Em outras palavras, a sociedade brasileira está polarizada entre a carência absoluta das camadas populares e o privilégio absoluto das camadas dominantes e dirigentes, bloqueando a instituição e a consolidação da democracia. De fato, fundada na noção de direitos, a democracia está apta a diferenciá-los de privilégios e carências. Um privilégio é, por definição, algo particular que não pode generalizar-se nem universalizar-se
sem deixar de ser privilégio. Uma carência é uma falta também particular ou específica que desemboca numa demanda também particular ou específica, não conseguindo generalizar-se nem universalizar-se. Um direito, ao contrário de carências e privilégios, não é particular e específico, mas geral e universal, seja porque é o mesmo e válido para todos os indivíduos, grupos e classes sociais, seja porque embora diferenciado é reconhecido por todos (como é caso dos chamados direitos das minorias). Assim, a polarização  econômico-social entre a carência e o privilégio ergue-se como obstáculo à instituição de direitos,  definidora da democracia. Acrescentemos a isso as duas grandes dádivas neoliberais: do lado da economia, uma acumulação do capital que não necessita incorporar mais pessoas ao mercado de trabalho e de consumo, operando com o desemprego estrutural; do lado da política, a privatização do público, isto é, não só o abandono das políticas sociais por parte do Estado, mas também o recrudescimento da estrutura histórica da sociedade brasileira centrada no espaço privado fortalecendo a impossibilidade para que a esfera pública possa constituir-se, pois antes que a distinção entre público e privado tivesse conseguido instituir-se, a nova forma do capital institui a indiferença entre o público e o privado. Política e socialmente, a economia neoliberal é o projeto de encolhimento do espaço público e do alargamento do espaço privado – donde seu caráter essencialmente anti-democrático –, caindo como uma luva na sociedade brasileira.

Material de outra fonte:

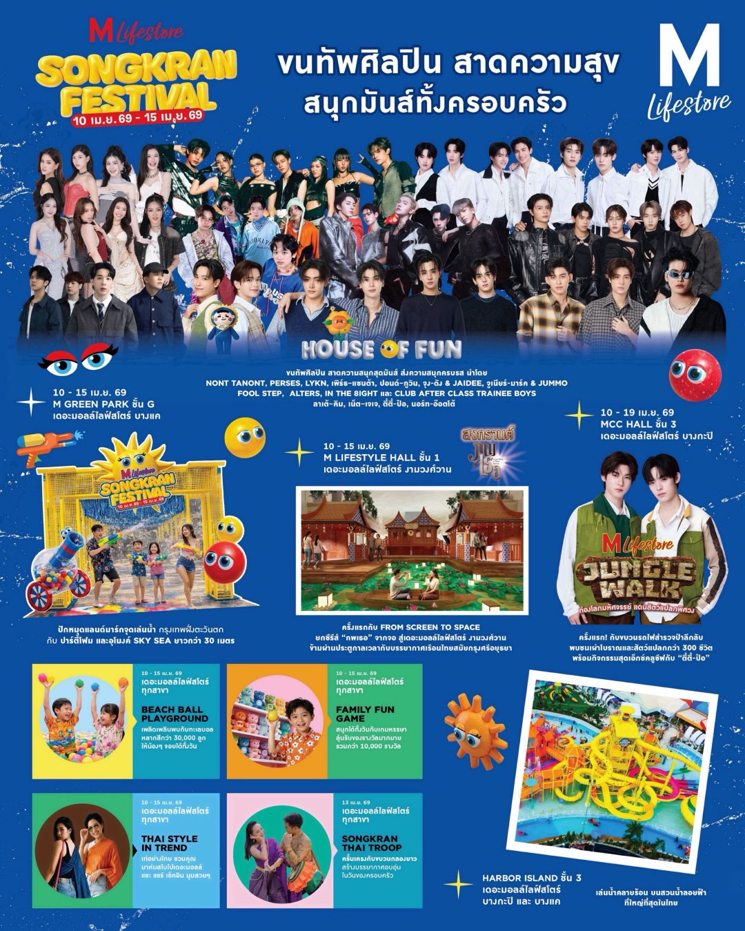 นอกจากนี้ ยังมีกิจกรรมความสนุกอีกมากมาย ไม่ว่าจะเป็น BEACH BALL PLAYGROUND บ่อบอลยักษ์กว่า 30,000 ลูก ใจกลางห้าง และ FAMILY FUN GAME เกมสนุกสไตล์ไทย ลุ้นรับของรางวัลมากมายกว่า 10,000 ชิ้น พิเศษ! ในวันที่ 13 เมษายน 2569 ฉลองวันครอบครัว ด้วยกลิ่นอายความเป็นไทยกับ THAI TROOP สนุกสนานกับขบวนกลองยาวสุดครื้นเครง และการแสดงไทยประยุกต์ปิดท้ายความสนุกสำหรับทุกคนในครอบครัว กับงาน THE MALL LIFESTORE JUNGLE WALK ท่องโลกมหัศจรรย์ แดนสัตว์แปลกพิศวง ที่ชวนเด็กๆ และครอบครัวมาร่วมเปิดประสบการณ์ ในแดนป่าต้องคำสาป ครั้งแรก! กับขบวนรถไฟสำรวจป่าลึกลับ พบชนเผ่าโบราณและสัตว์แปลกกว่า 300 ชีวิต พร้อมสนุกกับกิจกรรมมากมาย จัดขึ้นที่ MCC HALL ชั้น 3 เดอะมอลล์ ไลฟ์สโตร์ บางกะปิ ระหว่างวันที่ 10–19 เมษายน 2569 หรือเย็นฉ่ำได้ทั้งครอบครัวกับการเปิดประสบการณ์ความสนุกแบบเต็มพิกัดกับเครื่องเล่นและกิจกรรมคลายร้อนที่ HARBOR ISLAND สวนน้ำลอยฟ้าระดับเวิลด์คลาส ที่ใหญ่ที่สุดในประเทศไทย บนพื้นที่กว่า 10,000 ตารางเมตร ที่เดอะมอลล์ไลฟ์สโตร์ บางแค และบางกะปิ

No caso do Brasil, o neoliberalismo significa: levar ao extremo à polarização carência-privilégio, a exclusão sócio-política das camadas populares, a desorganização da sociedade como massa dos desempregados; aumentar o espaço privado ocupado não apenas pelas grandes corporações econômicas e financeiras, mas também pelo crime organizado, o qual, diante do encolhimento do Estado, pode espraiar-se por toda a sociedade como substituto do Estado (proteção, segurança, emprego, privatização da guerra, privatização do uso da força, etc.); significa solidificar e encontrar novas justificativas para a forma oligárquica da política, para o autoritarismo social e para o bloqueio à democracia. Diante desse quadro, podemos dizer que as políticas sociais de afirmação dos direitos econômicos e sociais, contra o privilégio, e as políticas culturais de afirmação do direito à cultura, contra a exclusão cultural, constituem uma verdadeira revolução democrática no Brasil.